> **DATA SEGMENT**
━━━━━━━━━━

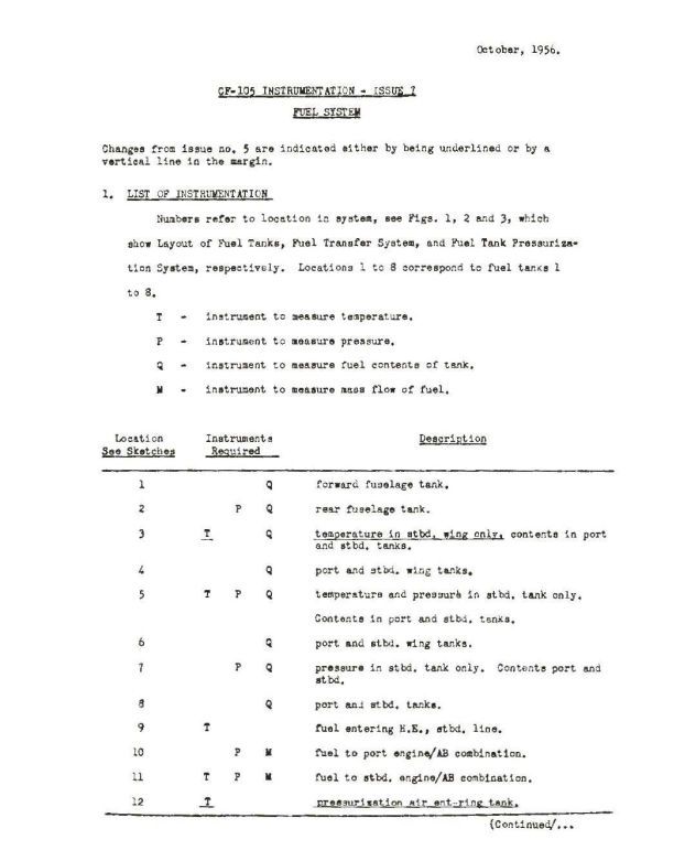 CF-105 - Instrumentation - Issue 7; Fuel System
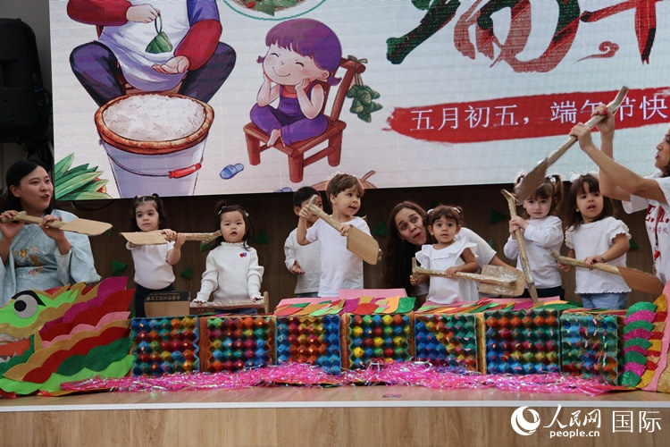 除了演唱中文歌曲、背誦中國古詩名篇外,該校高年級學生還在老師的帶領下自導自演了有關端午節(jié)來源的中文短劇,生動展示了愛國詩人屈原以身殉國投入汨羅江的故事以及后人包粽子、賽龍舟等紀念活動的來歷,引得現(xiàn)場觀看的家長和老師掌聲連連。表演活動結束后,師生、家長共同體驗了包粽子,感受傳統(tǒng)民俗魅力。
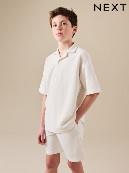 Ecru White Short Sleeve Textured Polo Shirt and Shorts Set (3-16yrs)

━━━━━━━━━━

> **PROBLEM TO SOLVE**
Retype all the data exactly, please, without pictures.

> **YOUR RESPONSE**
 CF-105 - Instrumentation - Issue 7; Fuel System
 除了演唱中文歌曲、背誦中國古詩名篇外,該校高年級學生還在老師的帶領下自導自演了有關端午節(jié)來源的中文短劇,生動展示了愛國詩人屈原以身殉國投入汨羅江的故事以及后人包粽子、賽龍舟等紀念活動的來歷,引得現(xiàn)場觀看的家長和老師掌聲連連。表演活動結束后,師生、家長共同體驗了包粽子,感受傳統(tǒng)民俗魅力。
 Ecru White Short Sleeve Textured Polo Shirt and Shorts Set (3-16yrs)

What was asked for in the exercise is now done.